A group of former executives of a Lehman Brothers subsidiary   is seeking to block the bid by senior Lehman executives to use $90 million of the remaining D&O insurance proceeds to settle the cases pending against them. As discussed here, on August 24, 2011, the senior executives filed a motion with the Lehman bankruptcy court seeking access to $90 million in insurance funds to settle the securities suits pending against them. On September 8, 2011, seven executives of Lehman’s Structured Asset Securities Corp. (Sasco) objected to the requested $90 million drawdown, arguing that it would leave the Sasco executives without sufficient insurance funds remaining to settle the claims pending against them. A copy of the Sasco executives’ opposition papers can be found here.


The Sasco executives, like the senior Lehman executives who seek the $90 million, are defendants in a number of securities class action lawsuits involving events leading up to Lehman’s collapse. As I detailed in my prior post about the senior Lehman executives request for the $90 million in insurance proceeds, defense expenses and other costs (including an arbitration settlement) have already significantly eroded the $250 million insurance tower. The Sasco executives claim they now have an opportunity to settle the $4 billion claims pending against them for $45 million. They contend that if the senior executives draw down the $90 million they seek, there will be insufficient remaining insurance funds to settle the claims against them.


In their opposition papers, the Sasco executives argue that the $90 million drawdown would represent a “disproportionate and inequitable portion” of the remaining funds. They argue that “permitting one class of insureds to use such tactics to divert a disproportionate share of insurance proceeds for their benefit to the exclusion of other classes of insureds is inequitable, contrary to the purpose of the available D&O insurance and would have an adverse economic impact on the Debtors’ estate.”


The Sasco executives note that the fight is with respect to Lehman’s 2007-2008 tower of insurance, which originally totaled $250 million. (This tower is described in detail in an earlier post about Lehman’s D&O insurance, here.) The Sasco executives contend that their claim actually implicated the separate $250 million 2008-2009 tower,  as it was during that policy period that the claims were first made against them. However, the carriers in the 2008-2009 D&O insurance tower apparently contend that the claims against the Sasco executives relate back to claims first  made during the 2007-2008 insurance tower’s policy period, and therefore it is the 2007-2008 tower that is implicated with respect to the claims against the Sasco executives. The Sasco executives dispute this position of the insurers, but they note in the motion papers that they cannot establish their entitlement to the proceeds of the 2008-2009 tower without protracted and expensive coverage litigation.

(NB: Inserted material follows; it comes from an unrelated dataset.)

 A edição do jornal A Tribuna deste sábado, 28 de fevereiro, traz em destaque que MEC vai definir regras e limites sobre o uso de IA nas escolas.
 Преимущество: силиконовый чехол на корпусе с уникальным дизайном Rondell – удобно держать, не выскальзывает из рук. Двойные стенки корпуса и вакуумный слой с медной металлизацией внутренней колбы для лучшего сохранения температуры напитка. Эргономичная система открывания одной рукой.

It is worth noting that the senior executives request for the $90 million drawdown would not in and of itself deplete the amounts remaining in the $250 million 2007-2008 tower. As discussed in my post about the settlement, it looks as if the drawdown would leave about $50 million remaining, which would seem to be enough to fund the Sasco executives’ proposed $45 million settlement. In their motion papers, however, the Sasco executives assert that the senior Lehman executives “will quickly attempt to settle other claims asserted against them, exhausting the remaining limits under the 2007-08 D&O policy,” contending that the senior executives “seek to appropriate all of the remaining proceeds …for their own benefit, to the exclusion of the Sasco defendants.”


The Sasco executives argue that they have “an equal right to insurance protection” as the senior executives and that it “would be inconsistent with the purpose of D&O insurance to permit one class to monopolize the protection.” The Sasco defendants seek to have the bankruptcy court deny the senior executives’ motion for the $90 million drawdown and to enter an order adopting an “allocation scheme” that more equitably divides the remaining proceeds. They note that they are not arguing that the proposed $90 million settlement is “unreasonable,” they simply object to the fact that the senior executives’ requested drawdown would leave them using the remaining proceeds to enter a settlement of the claims against them.

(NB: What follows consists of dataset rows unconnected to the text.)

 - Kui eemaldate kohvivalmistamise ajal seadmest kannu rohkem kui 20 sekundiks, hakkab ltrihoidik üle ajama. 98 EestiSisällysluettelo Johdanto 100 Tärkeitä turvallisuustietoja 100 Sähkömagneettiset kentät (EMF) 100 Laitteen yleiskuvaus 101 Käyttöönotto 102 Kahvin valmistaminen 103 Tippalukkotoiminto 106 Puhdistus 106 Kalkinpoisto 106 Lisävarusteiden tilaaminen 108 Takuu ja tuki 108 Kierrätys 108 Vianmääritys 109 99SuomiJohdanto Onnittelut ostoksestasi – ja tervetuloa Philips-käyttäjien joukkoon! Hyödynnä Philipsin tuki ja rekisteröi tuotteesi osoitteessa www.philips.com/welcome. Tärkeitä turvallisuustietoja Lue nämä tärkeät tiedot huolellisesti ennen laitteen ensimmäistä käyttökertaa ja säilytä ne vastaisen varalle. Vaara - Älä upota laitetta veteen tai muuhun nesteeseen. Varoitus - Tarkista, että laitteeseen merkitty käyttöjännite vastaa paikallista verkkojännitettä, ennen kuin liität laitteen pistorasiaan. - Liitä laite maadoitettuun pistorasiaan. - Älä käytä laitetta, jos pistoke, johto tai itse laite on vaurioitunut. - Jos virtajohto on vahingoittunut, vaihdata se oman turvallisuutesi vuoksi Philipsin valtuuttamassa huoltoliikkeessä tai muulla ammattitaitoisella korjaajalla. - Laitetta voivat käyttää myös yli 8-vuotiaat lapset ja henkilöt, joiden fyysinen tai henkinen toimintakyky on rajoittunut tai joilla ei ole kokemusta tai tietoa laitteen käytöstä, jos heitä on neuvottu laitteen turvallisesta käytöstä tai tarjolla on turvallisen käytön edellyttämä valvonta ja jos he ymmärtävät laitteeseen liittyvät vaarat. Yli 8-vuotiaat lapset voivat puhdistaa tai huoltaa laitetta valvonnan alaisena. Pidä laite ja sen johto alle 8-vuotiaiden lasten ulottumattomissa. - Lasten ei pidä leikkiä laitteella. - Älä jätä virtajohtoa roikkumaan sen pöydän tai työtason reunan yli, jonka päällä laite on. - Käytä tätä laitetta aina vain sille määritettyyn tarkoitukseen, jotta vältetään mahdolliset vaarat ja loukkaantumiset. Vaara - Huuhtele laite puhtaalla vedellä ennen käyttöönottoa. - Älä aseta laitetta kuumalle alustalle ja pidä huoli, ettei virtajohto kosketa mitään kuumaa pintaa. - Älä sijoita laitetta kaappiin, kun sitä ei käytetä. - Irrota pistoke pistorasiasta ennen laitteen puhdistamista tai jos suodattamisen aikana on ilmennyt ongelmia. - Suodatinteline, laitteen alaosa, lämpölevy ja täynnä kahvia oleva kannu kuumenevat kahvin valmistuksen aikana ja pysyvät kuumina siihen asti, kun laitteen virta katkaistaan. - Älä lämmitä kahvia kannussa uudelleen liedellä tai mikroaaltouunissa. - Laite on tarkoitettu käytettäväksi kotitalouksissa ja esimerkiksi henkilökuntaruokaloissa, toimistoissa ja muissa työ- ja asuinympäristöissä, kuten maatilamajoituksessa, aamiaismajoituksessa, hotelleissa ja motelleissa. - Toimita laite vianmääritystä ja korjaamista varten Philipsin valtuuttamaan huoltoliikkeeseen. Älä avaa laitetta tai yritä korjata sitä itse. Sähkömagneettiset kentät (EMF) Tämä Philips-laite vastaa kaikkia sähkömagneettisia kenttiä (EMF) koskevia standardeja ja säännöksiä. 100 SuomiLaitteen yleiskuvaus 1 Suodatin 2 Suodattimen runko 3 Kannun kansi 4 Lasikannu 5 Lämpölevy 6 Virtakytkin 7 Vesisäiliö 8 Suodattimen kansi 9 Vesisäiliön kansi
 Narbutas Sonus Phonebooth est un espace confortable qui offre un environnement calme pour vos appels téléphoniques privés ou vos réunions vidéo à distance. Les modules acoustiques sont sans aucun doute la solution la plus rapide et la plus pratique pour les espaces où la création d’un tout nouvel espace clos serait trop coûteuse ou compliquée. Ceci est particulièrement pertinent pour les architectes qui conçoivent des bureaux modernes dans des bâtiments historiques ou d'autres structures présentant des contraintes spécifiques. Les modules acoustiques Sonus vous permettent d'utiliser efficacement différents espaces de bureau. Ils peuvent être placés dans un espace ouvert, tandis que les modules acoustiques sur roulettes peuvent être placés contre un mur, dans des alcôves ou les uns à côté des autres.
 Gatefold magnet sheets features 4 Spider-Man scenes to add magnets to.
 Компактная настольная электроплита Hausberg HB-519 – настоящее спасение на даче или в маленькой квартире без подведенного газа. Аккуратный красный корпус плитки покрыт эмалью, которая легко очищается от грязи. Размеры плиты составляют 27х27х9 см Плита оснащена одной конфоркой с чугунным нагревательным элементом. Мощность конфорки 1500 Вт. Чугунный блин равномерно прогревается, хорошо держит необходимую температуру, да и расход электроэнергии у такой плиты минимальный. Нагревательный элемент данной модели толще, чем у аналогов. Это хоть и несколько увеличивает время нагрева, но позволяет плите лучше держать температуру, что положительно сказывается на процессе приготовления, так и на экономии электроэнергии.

This situation represents a classic example of the too-many-insured, too-many-claims, not-enough-insurance problem. These problems come up in all sorts of contexts, although rarely in cases as high profile as this. The most basic problem is that even with $250 million in insurance, there is not nearly enough insurance to defend and settle all of the claims involving insured persons. The question is how the insufficient insurance proceeds should be applied.

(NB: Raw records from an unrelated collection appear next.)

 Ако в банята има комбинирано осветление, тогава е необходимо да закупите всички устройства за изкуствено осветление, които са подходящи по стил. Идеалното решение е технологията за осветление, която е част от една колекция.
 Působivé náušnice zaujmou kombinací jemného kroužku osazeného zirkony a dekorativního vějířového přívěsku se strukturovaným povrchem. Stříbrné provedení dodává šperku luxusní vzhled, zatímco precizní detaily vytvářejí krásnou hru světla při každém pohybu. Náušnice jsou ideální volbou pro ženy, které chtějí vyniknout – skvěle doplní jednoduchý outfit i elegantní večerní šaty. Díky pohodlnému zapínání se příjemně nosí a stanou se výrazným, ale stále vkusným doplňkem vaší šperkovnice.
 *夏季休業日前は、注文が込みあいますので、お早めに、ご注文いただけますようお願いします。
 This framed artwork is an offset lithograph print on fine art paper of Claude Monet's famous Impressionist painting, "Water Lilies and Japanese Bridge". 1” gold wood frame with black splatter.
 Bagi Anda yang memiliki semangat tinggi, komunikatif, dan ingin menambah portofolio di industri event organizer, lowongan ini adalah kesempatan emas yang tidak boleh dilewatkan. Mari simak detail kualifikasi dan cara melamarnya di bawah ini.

There are procedural mechanisms available to deal with these types of situations, such as interpleader, where the insurer(s) simply deposit the insurance with the court and the court sorts out the entitlements. The insurers themselves would have to initiate an interpleader action. The Sasco executives are hoping to enlist the bankruptcy court to perform an equivalent allocation on an equitable basis. In their motion papers, they reference an earlier bankruptcy case where the D&O insurance policy proceeds were allocated in a pro rata basis. This type of scheme might well be equitable, but the problem is that given the number of individuals involved and the seriousness of the claims against them, a per capita allocation might leave everyone with insufficient funds to settle any of the claims against them.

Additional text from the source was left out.